Note that this doesn't change anything at the end as u_n is null during idle.
> question. The waiting time is affected by the running time of the other
> tasks on the cfs_rq, so on one hand it seems a bit inconsistent to scale
> one and not the other. On the other hand, not scaling waiting time would
> make tasks that spend a lot of time waiting appear bigger, which could
> an advantage as it would make load-balancing more prone to spread tasks.
> A third alternative is to drop the scaling of load_avg completely, but
I don't think it's a good idea to limit the usage of load_avg to
system that are overloaded and at the opposite to limit the util for
not overloaded system. The boundary between both states is rarely
clear and you often have part of the system that can be overloaded
while the other part is not.
> it is still needed for util_avg as we want util_avg to be invariant to
> frequency and uarch scaling.
>
>> Then, one main advantage of this change is that the load of a task can
>> reach max value whatever the current freq and the uarch of the CPU on which
>> it run. It will just take more time at a lower freq than a max freq or on a
>> "little" CPU compared to a "big" one. The load and the utilization stay
>> invariant across system so we can still compared them between CPU but with
>> a wider range of values.
>
> Just removing scaling of waiting time and applying scaling by current
> capacity (including uarch) to the running time will not make load_avg
> reach the max value for tasks running alone on a cpu. Since the task
> isn't waiting at all (it is alone) all contributions are running time
> which is scaled, IIUC, and hence the result is still capped by the
> current capacity of the cpu. But that doesn't match your example results
> further down if I read them correctly.
In the current implementation, we scale the full contribution of each
fraction of time in the PELT equation so if the capacity of a CPU
can't be larger than Clocal_max because of frequency scaling and/or
uarch, we have
\sum (0..n) u_n * c_n * y^n <= Clocal_max * \sum (0..n) u_n * y^n
With the proposed way to take into account the uarch and the current
frequency, we scale the time that elapses before accounting it into a
segment of the equation. As a summary, the delta time is scaled to
reflect the amount of time that would have been used at the max
capacity of the system. So if the frequency is half max freq, the time
that will be accounted, will be half the really elapsed time. In
parallel, the duration of the job will be twice longer so we will have
the same amount of time accounted at the end.

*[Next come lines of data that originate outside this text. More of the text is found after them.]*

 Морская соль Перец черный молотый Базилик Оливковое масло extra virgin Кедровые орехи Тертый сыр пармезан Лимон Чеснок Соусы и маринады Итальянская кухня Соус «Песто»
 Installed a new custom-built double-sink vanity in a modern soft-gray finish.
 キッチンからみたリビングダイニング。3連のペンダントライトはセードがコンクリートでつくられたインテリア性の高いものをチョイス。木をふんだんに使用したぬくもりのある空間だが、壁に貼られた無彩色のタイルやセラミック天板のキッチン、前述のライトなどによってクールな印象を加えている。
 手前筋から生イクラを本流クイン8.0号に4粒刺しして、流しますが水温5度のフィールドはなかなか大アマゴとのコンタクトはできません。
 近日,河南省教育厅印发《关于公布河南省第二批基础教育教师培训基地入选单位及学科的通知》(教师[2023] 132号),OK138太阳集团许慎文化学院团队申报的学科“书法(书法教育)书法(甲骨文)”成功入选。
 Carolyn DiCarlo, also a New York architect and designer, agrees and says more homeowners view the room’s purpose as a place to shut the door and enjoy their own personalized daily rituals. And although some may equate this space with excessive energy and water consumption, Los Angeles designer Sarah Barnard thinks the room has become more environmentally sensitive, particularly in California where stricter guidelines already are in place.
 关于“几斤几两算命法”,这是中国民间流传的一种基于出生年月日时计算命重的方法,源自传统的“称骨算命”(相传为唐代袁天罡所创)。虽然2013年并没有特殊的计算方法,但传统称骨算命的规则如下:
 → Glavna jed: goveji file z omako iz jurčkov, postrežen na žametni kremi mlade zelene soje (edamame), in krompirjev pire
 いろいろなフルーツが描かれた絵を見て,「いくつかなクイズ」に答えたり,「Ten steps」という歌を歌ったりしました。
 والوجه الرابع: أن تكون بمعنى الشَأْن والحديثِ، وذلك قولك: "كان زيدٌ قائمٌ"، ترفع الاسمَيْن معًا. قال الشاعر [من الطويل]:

With this patch, the PELT equation stays \sum (0..n) u_n * y^n
whatever the uarch and the current frequency. The main benefits is
that we can reach the max value whatever uarch and current freq. The
impact of the uarch and the current frequency is taken into account
before the equation when we are accounting the time into a segment.
>
> The changes made in the code of this patch are quite subtle, but very
> important as they change the behaviour of the PELT geometric series
> quite a lot. It is much more than just changing whether we scale waiting
> time and apply uarch scaling to running time of load_avg or not. I
> think we need to understand the math behind this patch to understand how
> the PELT metrics are affected because I think this patch changes some of
> the fundamentals originally described by Paul and Ben.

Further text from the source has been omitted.